Karl looked at the cloud. It was single and peculiar. “I’m feeling tired,” he said. “You can’t hold me forever.”
Shosha pulled them toward the shore. “Let’s rest,” she said. “You can stay where it’s shallow.”
Karl set his head against a rock. Shosha got out of the river and brought fresh water in a can to his lips. He sipped and looked at her. “Tell my brother I loved him,” he said.
“You can tell him yourself.”
“No.”
“You need to drink,” she said. “You have to stay hydrated.”
“That sounds hard,” Karl said. “I’m tir
ed.”
Shosha smoothed her hand along his face. “Rest,” she said.
“Will you sing to me? You have a beautiful voice.”
“Close your eyes,” she said.
She watched him. His hands slipped from his chest and the water lapped his side. When his breathing was rhythmical, she knew he was asleep. She went ashore and rested against a tree. She looked at Karl. He was turned toward the river and Praga across it. She thought about her mother and the rabbi and for a moment considered swimming across. She fell asleep thinking about the last time she had sucked a lemon drop.
THE SKY WAS CLOUDY AND THE AIR MUGGY AND THICK. Shosha awakened and didn’t remember where she was. She heard voices and looked toward the river and saw Karl there, lying on his back. The water was higher than before and almost covered his chest. She felt faint in the heat and hungry but the voices roused her. She looked around first and then went down to Karl. A thin white crust glazed his lips. She saw a blister. She knelt down to him and patted his face.

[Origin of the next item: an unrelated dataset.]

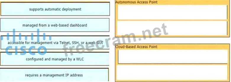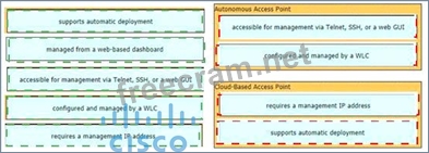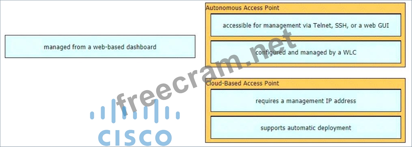 Drag and drop the facts about wireless architectures from the left onto the types of access point on the right.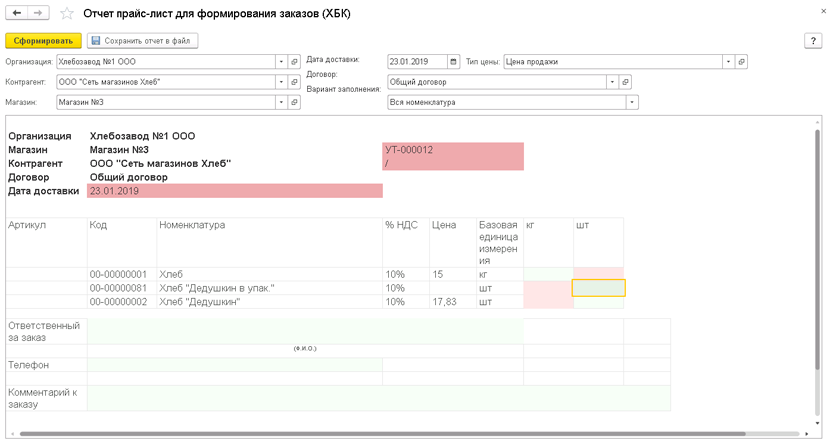 В подсистему хлебобулочного и кондитерского производства добавлен документ "Заказ покупателя (ХБК)", который предназначен для формирования перечня номенклатуры, который клиент намерен приобрести. На основании данных заказов формируется потребность в производстве поставляемой клиентам продукции.

“Karl—we have to go. Wake up.” She flicked water on his cheek. “Wake up.”
The voices were closer and she saw a slender line of soldier boys coming over a distant knoll toward the shore. She took Karl’s hands and tugged him. “You have to stand,” she said. “We have to move.”
He didn’t open his eyes and she placed her ear against his chest. She thought she heard his heart but couldn’t be sure through the water.
“Help me. Stand. Stand up.”
She straddled his body and put her arms under his shoulders and tried to lift him. She stopped and considered the water. She slipped him away from the rock and tugged him out until they floated together. She saw his eyes open.
“You’re awake,” she said. “Try to stand. Help me.”
She thought they could move down river, away from the soldiers, in the water. She pushed them with her legs and kept her head close to his cheek. She heard him breathing softly. The water around them was still but Shosha saw the river moving faster toward the center. Tree limbs and war waste floated by, submerging in the chop, then surfacing in little eddies.
She grew up warned about the undertow here and when she felt her legs pulled from beneath her, she was frightened and angry. She held Karl but felt the river tugging him. She kicked her legs and moved to the side of the current. She rested and moved her legs again, keeping her feet on smooth rocks along the hard pebbled bottom. She looked at the tanks on the Praga shore. They moved about a hundred more meters when the undertow pulled Karl out of her hands. She was weaker now but she grabbed his shirt and pulled herself forward and got her arms around his neck. She moved to get a better grip on him but the current slammed against her legs. She struggled to hold Karl and swallowed water and choked.